Cutting the Edge in Fighting Cybercrime: Reverse-Engineering a Search Language to Cross-Compile it to PySpark
- Data Lakes, Data Warehouses and Data Lakehouses
- Moscone South | Upper Mezzanine | 159
- 35 min
Traditional cybersecurity Security Information and Event Management (SIEM) ways do not scale well for data sources with 30TiB per day, leading HSBC to create a Cybersecurity Lakehouse with Delta and Spark. Creating a platform to overcome several conventional technical constraints, the limitation in the amount of data for long-term analytics available in traditional platforms and query languages being difficult to scale and time-consuming to run. The situation in cybersecurity is that not a lot of analysts have a deep understanding of Apache Spark.

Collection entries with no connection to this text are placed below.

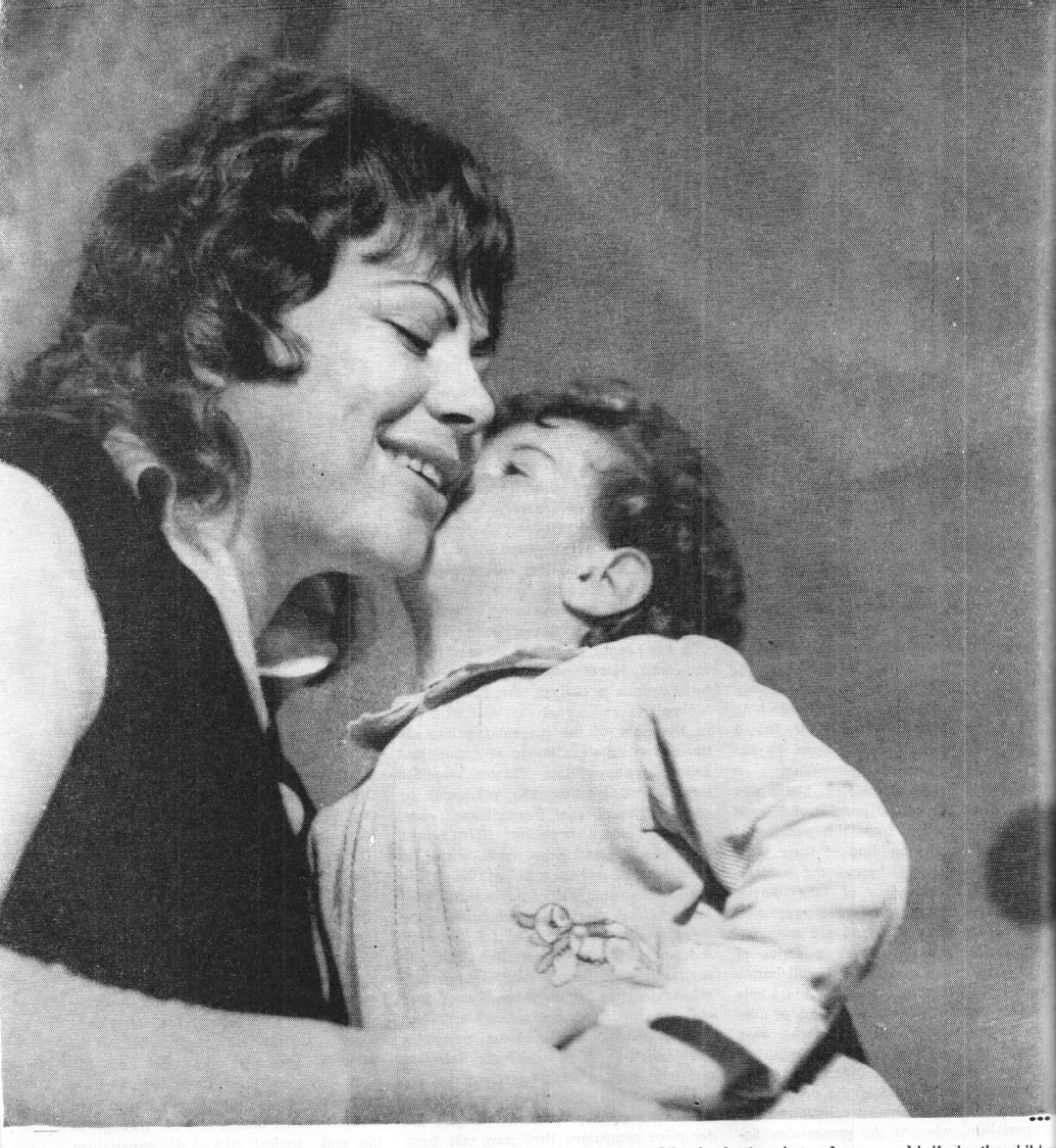
Medical assistance for mother and child is guaranteed by law in Albania. In the photo: A young midwife in the children consultation centre in Peshkopia
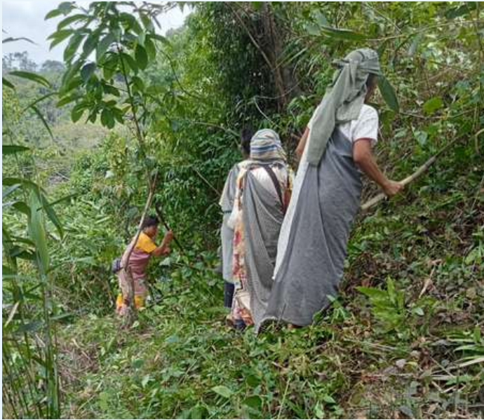
Advance work at Nongnam, Mawbri, Mawtangden, Mawkhyrwang Villages under Mawkyrwat, SWKH
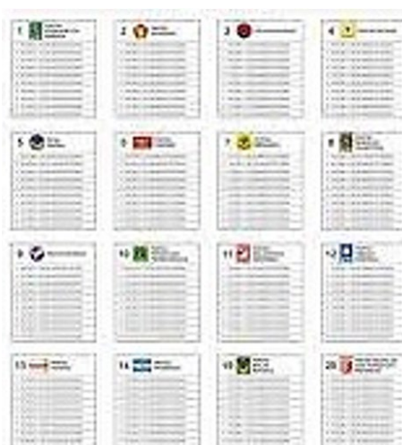
Figure 3. 2019 model of the legislative election papers (central people's representative council-DPR-yellow label, provincial regional people's representative council-DPRD 1-blue label, and regency/city regional people's representative council-DPRD 2-green label).

The problem of the 2019 general election with lots of election papers can be overcome by simplifying the number and model of election papers the legislative election papers (central people's representative council, provincial regional people's representative council, and regency/city regional people's representative council), as shown in the following Figure 3:
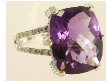
Lot # 487
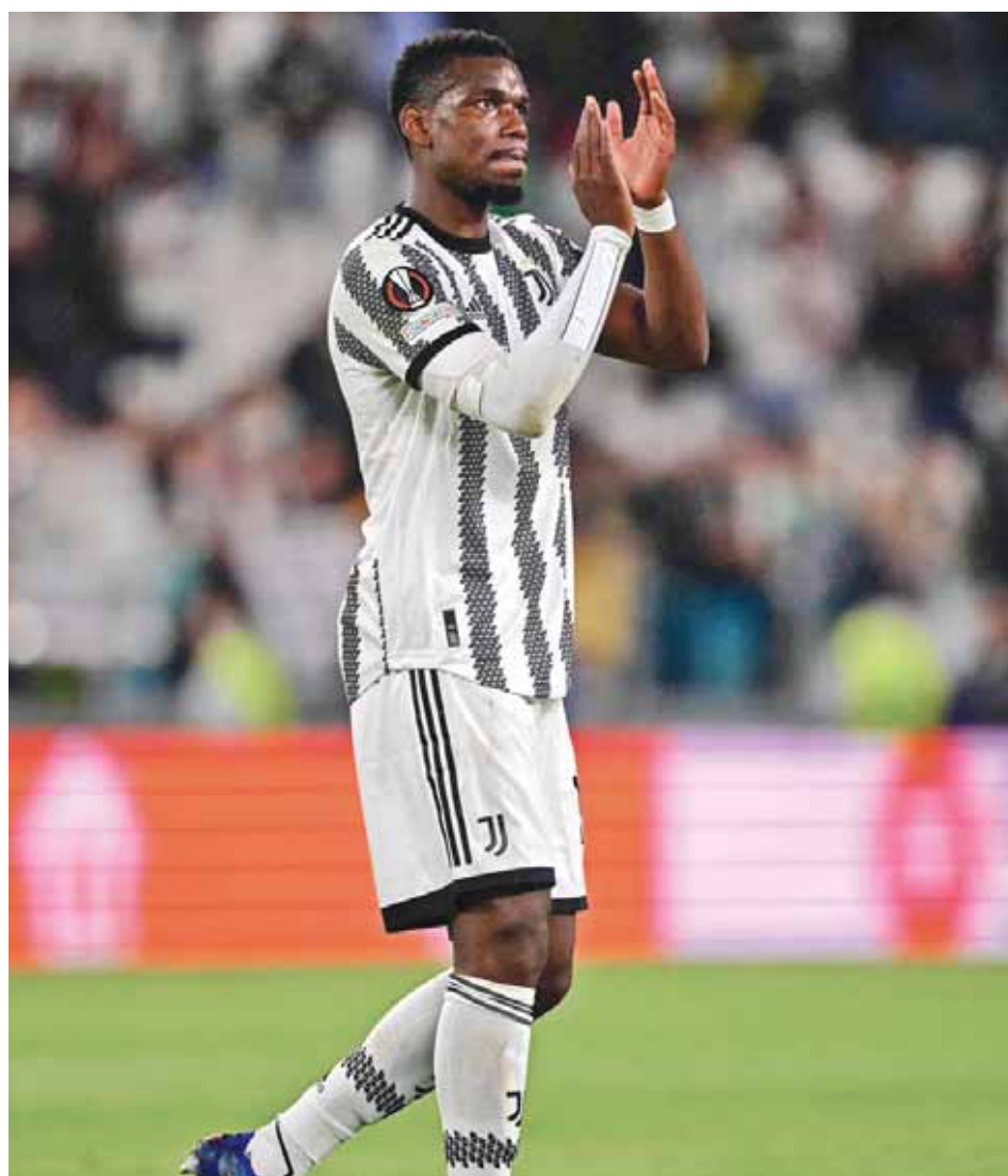
Paul Pogba re-joined Italian giants Juventus on a free transfer in July 2022 after his contract expired at Manchester United.

From being on top of the world Pogba has slowly slipped down to the depths, ravaged by injuries and a difficult personal life which he admits has been adversely affected by the vast sums of money earned by football's top players. "Money changes people. It can break up a family. It can create a war," he said. "Sometimes I was just by myself thinking, 'I don't want to have money anymore. I just don't want to play anymore. I just want to be with normal people,
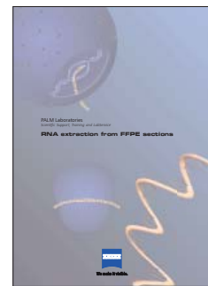
Short Protocol RNA extraction from FFPE sections
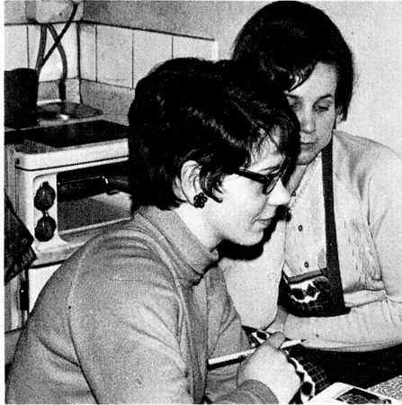
Young Swiss in the kitchen of the Swiss Club enjoy their supper.
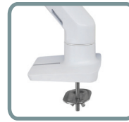
INCLUDED: GROMMET MOUNT ATTACHES THROUGH SURFACE HOLES
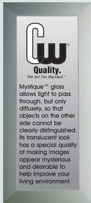
Satin Clear with Mystique™ Glass
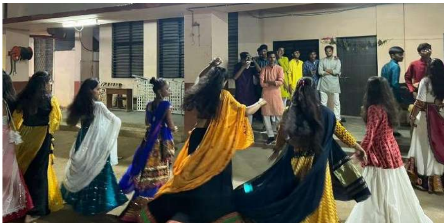
Students of the Shreyarth University playing the Garba
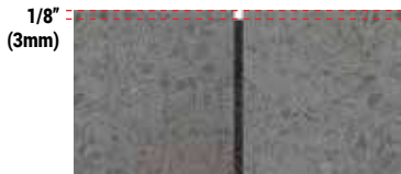
PAVERS OR NATURAL STONES WITHOUT CHAMFER
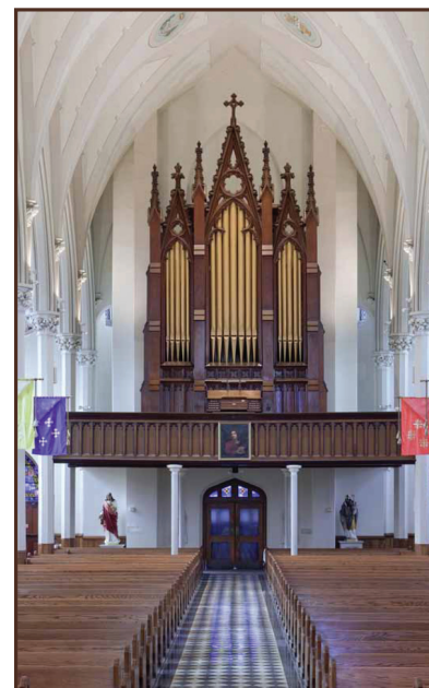
E. & G. G. Hook, Opus 288 (1860)

ST. JOHN'S CATHOLIC CHURCH | 207 YORK STREET, BANGOR, MAINE 04401 | WWW.HOOKOPUS288.ORG
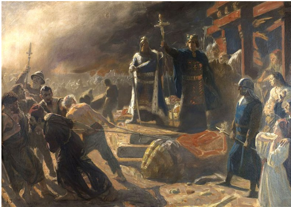
The Taking of Arkona in 1169 by King Valdemar and Bishop Absalon, Laurits Tuxen, before 1890 Painting located in The Museum of National History, Copenhagen

Those who do not believe in Jesus and those who do not yet know Him
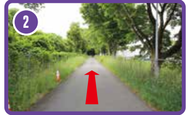
Follow the walkway.
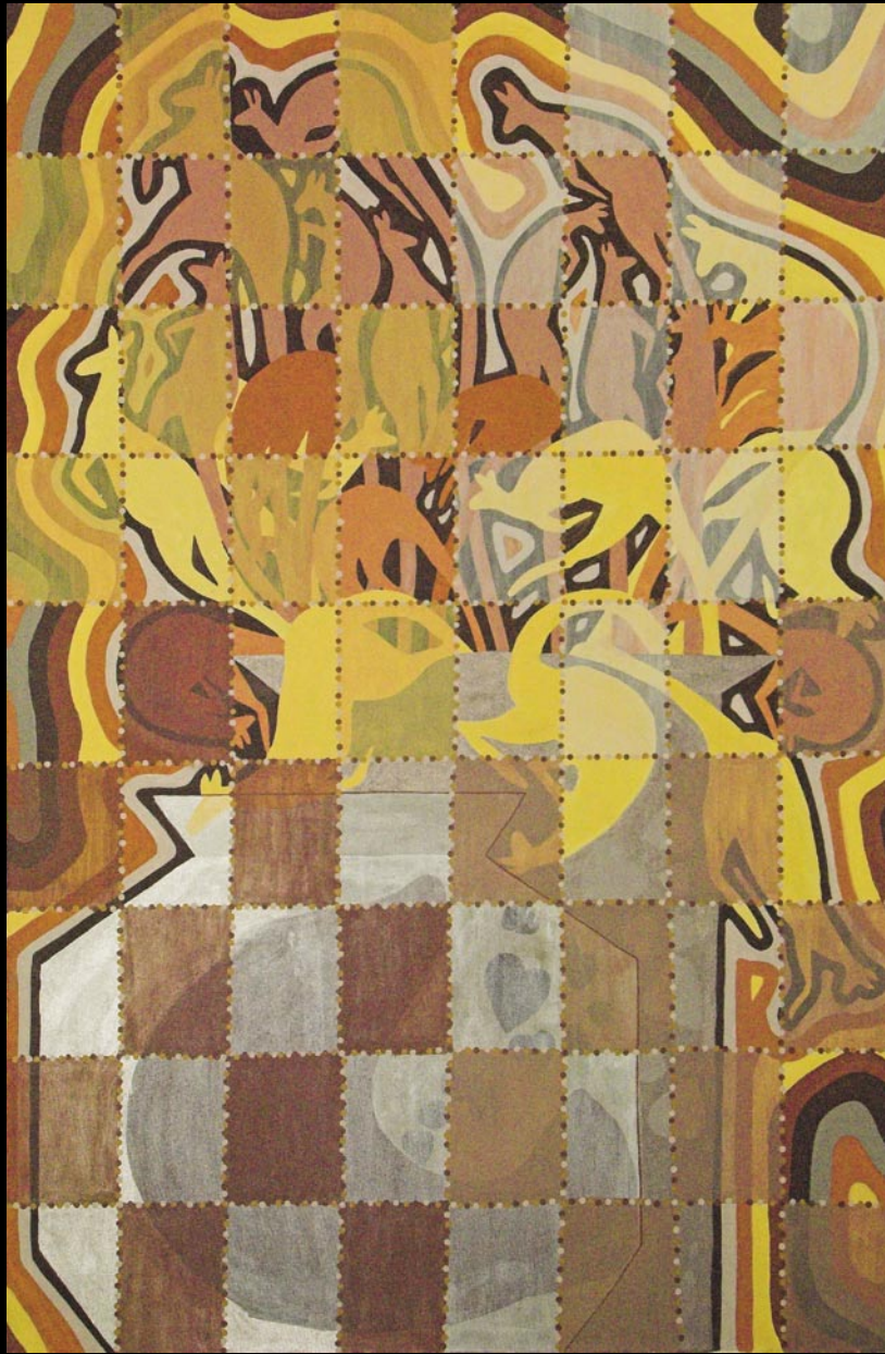
Marshall Bell Big Fish 2006 183 x 121 cm acrylic on canvas
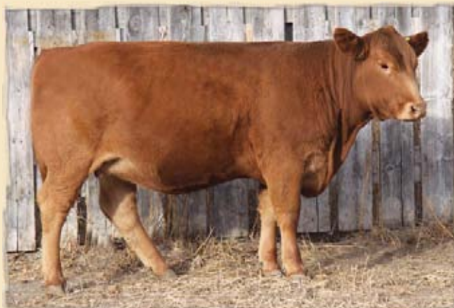
Lot 9 - VV Xmas 114X

V V Xtra Keen 86X is sired by the Leachman Chronicle bull, a sire whose calves have been widely accepted in both the show and sale ring. What could be better than having two of the great Gelbvieh sires on the dam's side of the pedigree - GT Louie and Freedom.
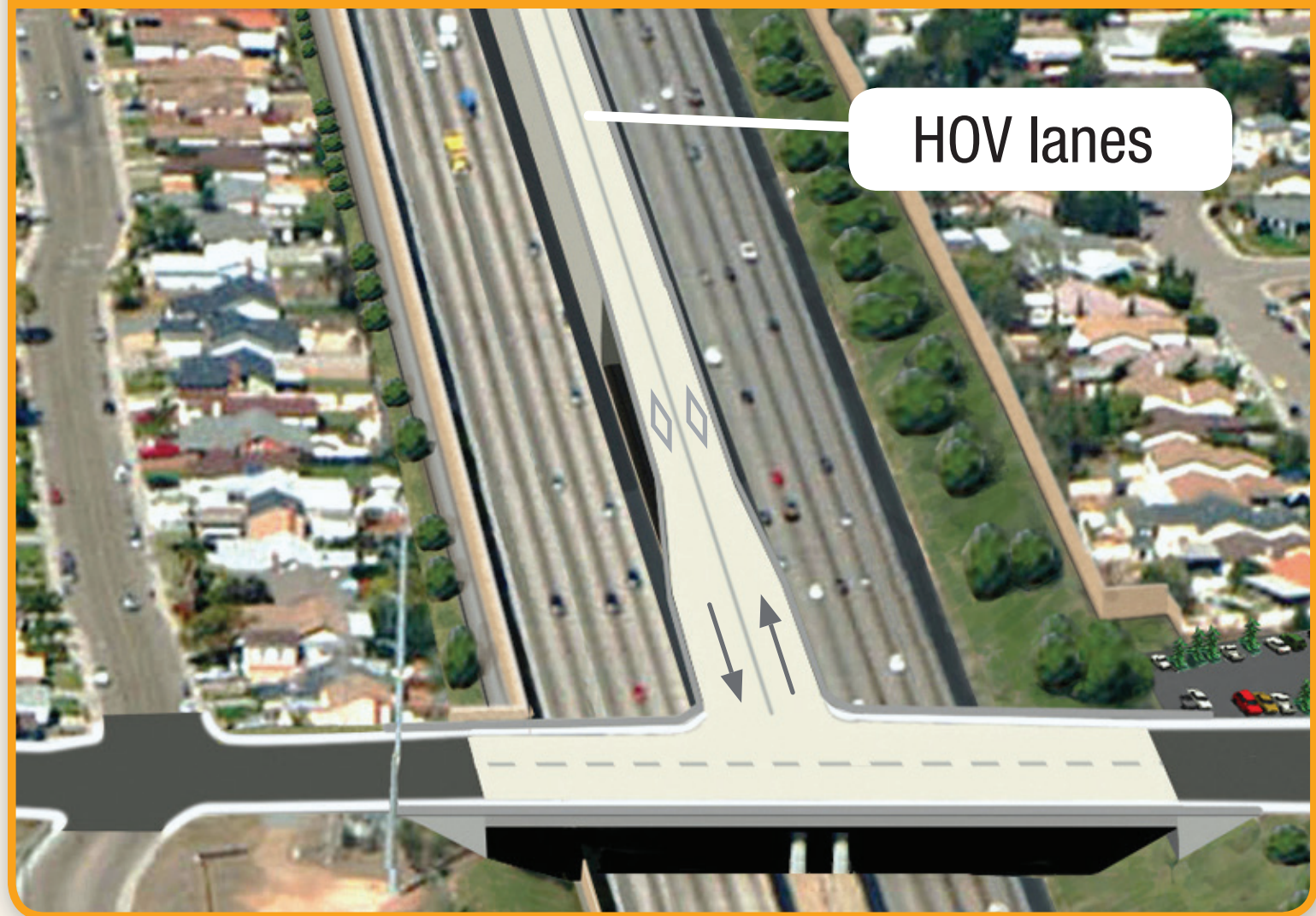
Direct Access Ramps connect the HOV lanes to local surface streets.

In this talk we’ll learn how to implement (or actually reverse-engineer) a language with Scala and translate it into what Apache Spark understands, the Catalyst engine. We’ll guide you through the technical journey - including examples of Databricks Notebooks and code blocks - of building equivalents of a query language into Spark and how to implement another search query language features that are not possible out of the box, like IP CIDR matching or fuzzy matching across all columns. We’ll show you how to use the same framework for PySpark code generation and use-case reconciliation.
We’ll learn how HSBC business benefited from this cutting-edge innovation, like decreasing time and resources for Cyber data processing migration, improving Cyber threat Incident Response (IR), and fast onboarding of HSBC Cyber Analysts on Spark with Cybersecurity Lakehouse platform.